Activation of trypsin from proteolytic cleavage of trypsinogen in the pancreas can lead to a series of events that cause pancreatic self-digestion, resulting in pancreatitis. One consequence of the autosomal recessive disease cystic fibrosis is a deficiency in transport of trypsin and other digestive enzymes from the pancreas. This leads to the disorder termed meconium ileus. This disorder involves intestinal obstruction (ileus) due to overly thick meconium, which is normally broken down by trypsin and other proteases, then passed in feces.
Trypsin is available in high quantity in pancreases, and can be purified rather easily. Hence it has been used widely in various biotechnological processes.
In a tissue culture lab, trypsin is used to re-suspend cells adherent to the cell culture dish wall during the process of harvesting cells. Some cell types have a tendency to “stick” – or adhere – to the sides and bottom of a dish when cultivated in vitro. Trypsin is used to cleave proteins bonding the cultured cells to the dish, so that the cells can be suspended in fresh solution and transferred to fresh dishes.

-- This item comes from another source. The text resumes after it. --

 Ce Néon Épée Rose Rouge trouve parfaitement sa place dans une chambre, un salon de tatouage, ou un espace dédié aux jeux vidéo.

Trypsin can also be used to dissociate dissected cells (for example, prior to cell fixing and sorting).
Trypsin can be used to break down casein in breast milk. If trypsin is added to a solution of milk powder, the breakdown of casein will cause the milk to become translucent. The rate of reaction can be measured by using the amount of time it takes for the milk to turn translucent.
Trypsin is commonly used in biological research during proteomics experiments to digest proteins into peptides for mass spectrometry analysis, e.g. in-gel digestion. Trypsin is particularly suited for this, since it has a very well defined specificity, as it hydrolyzes only the peptide bonds in which the carbonyl group is contributed either by an Arg or Lys residue.

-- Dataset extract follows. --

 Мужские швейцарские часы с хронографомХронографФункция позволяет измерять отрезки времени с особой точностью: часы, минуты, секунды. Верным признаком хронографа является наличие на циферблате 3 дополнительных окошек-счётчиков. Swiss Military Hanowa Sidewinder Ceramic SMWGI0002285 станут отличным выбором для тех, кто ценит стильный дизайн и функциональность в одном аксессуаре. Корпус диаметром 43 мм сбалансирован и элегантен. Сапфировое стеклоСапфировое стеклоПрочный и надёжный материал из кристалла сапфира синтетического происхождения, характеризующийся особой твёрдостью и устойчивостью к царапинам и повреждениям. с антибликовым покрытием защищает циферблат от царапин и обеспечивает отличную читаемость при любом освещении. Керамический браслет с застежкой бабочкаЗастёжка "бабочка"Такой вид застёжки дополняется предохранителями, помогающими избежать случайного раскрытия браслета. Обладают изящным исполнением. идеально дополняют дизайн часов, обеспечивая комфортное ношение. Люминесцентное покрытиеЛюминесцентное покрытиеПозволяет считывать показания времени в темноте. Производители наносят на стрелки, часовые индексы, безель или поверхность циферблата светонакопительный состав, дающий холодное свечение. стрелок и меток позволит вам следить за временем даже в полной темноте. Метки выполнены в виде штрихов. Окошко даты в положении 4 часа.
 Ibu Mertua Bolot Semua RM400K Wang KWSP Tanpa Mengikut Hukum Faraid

Trypsin can also be used to dissolve blood clots in its microbial form and treat inflammation in its pancreatic form.
Commercial protease preparations usually consist of a mixture of various protease enzymes that often includes trypsin. These preparations are widely utilized in food processing:
- as a baking enzyme to improve the workability of dough;
- in the extraction of seasonings and flavourings from vegetable or animal proteins and in the manufacture of sauces;
- to control aroma formation in cheese and milk products;
- to improve the texture of fish products;
- to tenderize meat;
- during cold stabilization of beer;
- in the production of hypoallergenic food where proteases break down specific allergenic proteins into nonallergenic peptides. For example, proteases are used to produce hypoallergenic baby food from cow’s milk thereby diminishing the risk of babies developing milk allergies.

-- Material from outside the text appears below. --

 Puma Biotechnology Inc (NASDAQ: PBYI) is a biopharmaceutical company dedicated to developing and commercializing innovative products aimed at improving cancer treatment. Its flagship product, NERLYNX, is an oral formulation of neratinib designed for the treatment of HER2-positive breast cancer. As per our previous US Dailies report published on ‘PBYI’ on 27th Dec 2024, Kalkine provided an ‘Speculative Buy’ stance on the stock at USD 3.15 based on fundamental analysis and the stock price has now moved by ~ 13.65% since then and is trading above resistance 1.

In order to prevent the action of active trypsin in the pancreas which can be highly damaging, inhibitors such as BPTI and SPINK1 in the pancreas and α1-antitrypsin in the serum are present as part of the defense against its inappropriate activation. Any trypsin prematurely formed from the inactive trypsinogen would be bound by the inhibitor. The protein-protein interaction between trypsin and its inhibitors is one of the tightest found, and trypsin is bound by some of its pancreatic inhibitors essentially irreversibly. In contrast with nearly all known protein assemblies, some complexes of trypsin bound by its inhibitors do not readily dissociate after treatment with 8M urea.